January 31, 2026

What Bespoke Shoes Can Teach Us About AI

I have always had a weakness for leather shoes and well tailored clothes.

Not in a loud or logo driven way, but in the quiet details. The weight of good leather. The way a shoe creases after a few wears. The balance between structure and softness in something made to last. There is a particular satisfaction that comes from owning things that were clearly made with care by someone who knew exactly what they were doing.

Recently, I bought a new pair of leather shoes. Nothing experimental. Nothing trendy. Just beautifully made. As I held them, what caught me was not the brand or the price, but the craftsmanship. The stitching. The finish. The restraint. It was obvious that this was not the result of a template being filled in. Someone had made deliberate choices about what mattered and what did not.

That moment stayed with me longer than I expected.

At the same time, I had been wrestling with a very different kind of craftsmanship at work. AI generated code. Lots of it. Code that technically worked, but felt heavy. Verbose. Over engineered. Code that solved the problem, but did not respect it.

Standing there with those shoes in my hands, the connection became hard to ignore.

We already understand this dynamic in the physical world. Handmade shoes, bespoke suits, and hand sewn garments continue to command a premium even when cheaper alternatives are everywhere. This is not nostalgia and it is not anti automation. Factories are remarkable. They deliver scale, consistency, and access. But factories optimise for volume. Craft optimises for judgment.

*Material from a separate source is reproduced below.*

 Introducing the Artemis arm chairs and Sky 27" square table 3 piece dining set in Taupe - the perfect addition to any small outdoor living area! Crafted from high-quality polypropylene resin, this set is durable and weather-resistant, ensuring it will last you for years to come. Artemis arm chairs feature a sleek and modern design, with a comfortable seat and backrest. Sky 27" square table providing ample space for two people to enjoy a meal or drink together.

AI today behaves much more like a factory than a craftsman.

It is extraordinarily good at producing output at scale. Text. Code. Ideas. Structures. It does not get tired. It does not hesitate. But it also does not possess taste. It does not know when something is sufficient. It does not feel the weight of unnecessary complexity.

This is where I see teams getting into trouble.

I have walked into codebases where AI has clearly done most of the writing. Everything works, but the system feels bloated. Endless layers. Excessive abstraction. Functions that say too much and mean too little. The code reads like a transcript of every possible thought rather than a set of intentional decisions.

The problem is not that AI wrote the code. The problem is that no one edited it meticulously.

In craftsmanship, removal is as important as creation. A good tailor does not just add fabric. They cut it away. A good shoemaker knows when a stitch is unnecessary. The value comes from deciding what should not exist.

That is the responsibility of the software engineer.

AI should not be asked to decide what you want. It should be asked to help you execute what you already understand. When you know the shape of the system you are building, AI can accelerate you. When you do not, it will happily generate something generic, verbose, and forgettable.

The highest leverage engineers are not those who produce the most code. They are the ones who enforce taste. They shape systems through constraint. They protect clarity. They treat software less like raw output and more like a finished object that someone else must live with.

Just as bespoke shoes coexist with factory sneakers, carefully crafted software will continue to matter in a world full of generated output. Abundance does not remove the premium on quality. It makes it more visible.

Engineers who work with care and precision will always command a premium.